Your task is to restate word for word the lines in the material below, from the one with "手臂纹身图片 女生手臂上彩色的星球纹身图片" up to and including the one with "Ο Πάντι, ένας". Do not carry over the pictures.

→ **Source material**:
----

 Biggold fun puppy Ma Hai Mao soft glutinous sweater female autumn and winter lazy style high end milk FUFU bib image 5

----

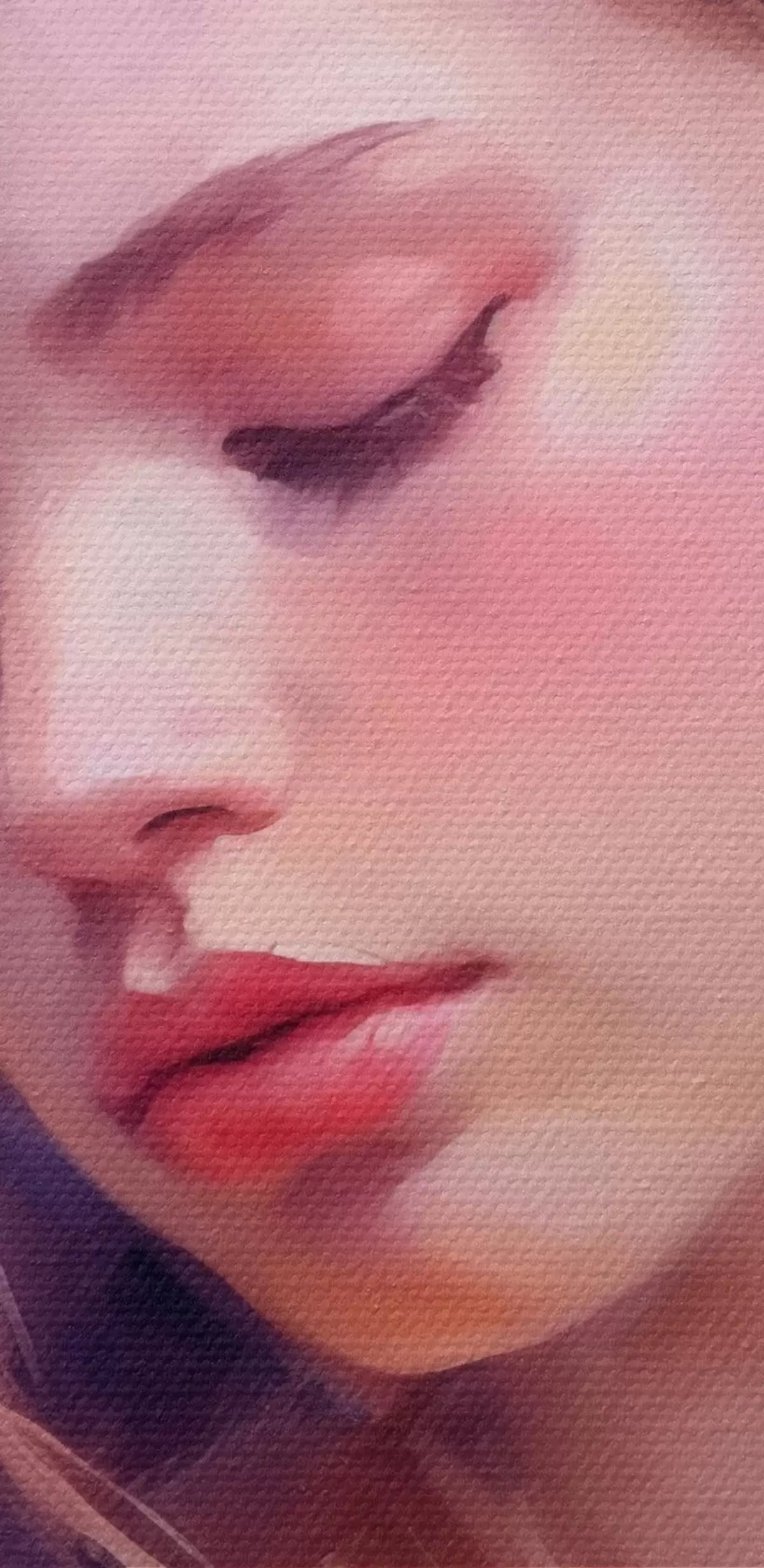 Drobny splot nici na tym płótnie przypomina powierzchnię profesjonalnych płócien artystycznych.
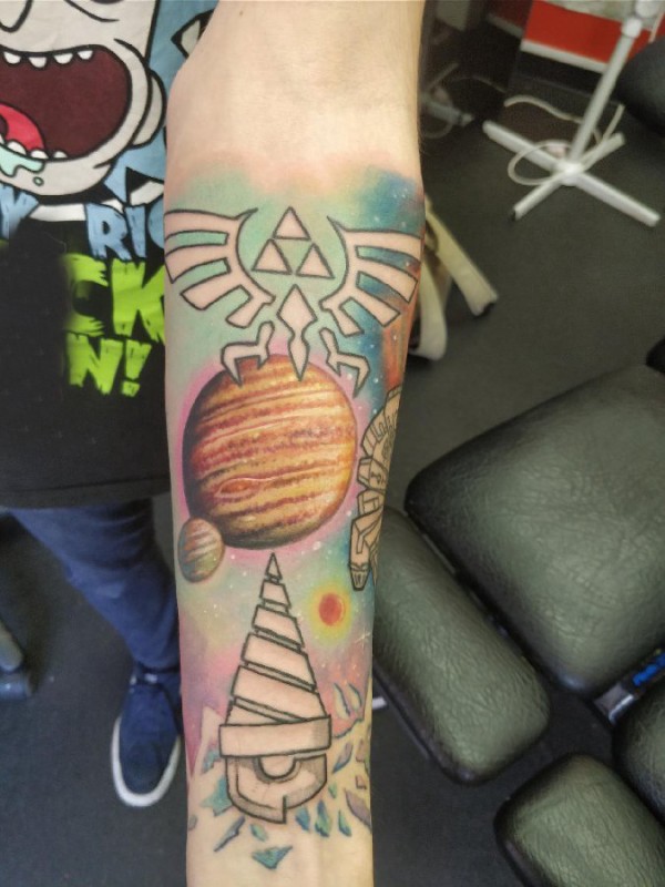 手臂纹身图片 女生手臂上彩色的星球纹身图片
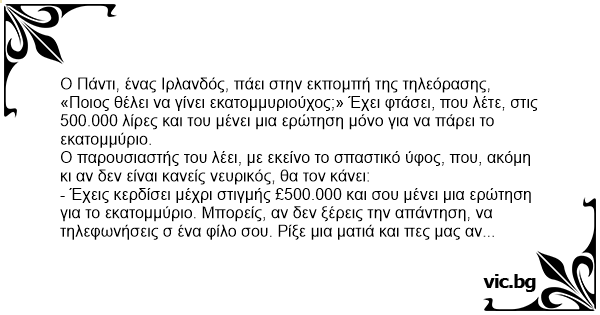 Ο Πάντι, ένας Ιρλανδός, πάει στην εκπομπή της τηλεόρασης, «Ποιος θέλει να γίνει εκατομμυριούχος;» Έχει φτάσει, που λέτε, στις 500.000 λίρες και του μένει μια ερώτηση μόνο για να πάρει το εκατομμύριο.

----

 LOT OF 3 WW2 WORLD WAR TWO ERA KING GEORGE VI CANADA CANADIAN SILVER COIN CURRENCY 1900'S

----

→ **Exercise response**:
 手臂纹身图片 女生手臂上彩色的星球纹身图片
 Ο Πάντι, ένας Ιρλανδός, πάει στην εκπομπή της τηλεόρασης, «Ποιος θέλει να γίνει εκατομμυριούχος;» Έχει φτάσει, που λέτε, στις 500.000 λίρες και του μένει μια ερώτηση μόνο για να πάρει το εκατομμύριο.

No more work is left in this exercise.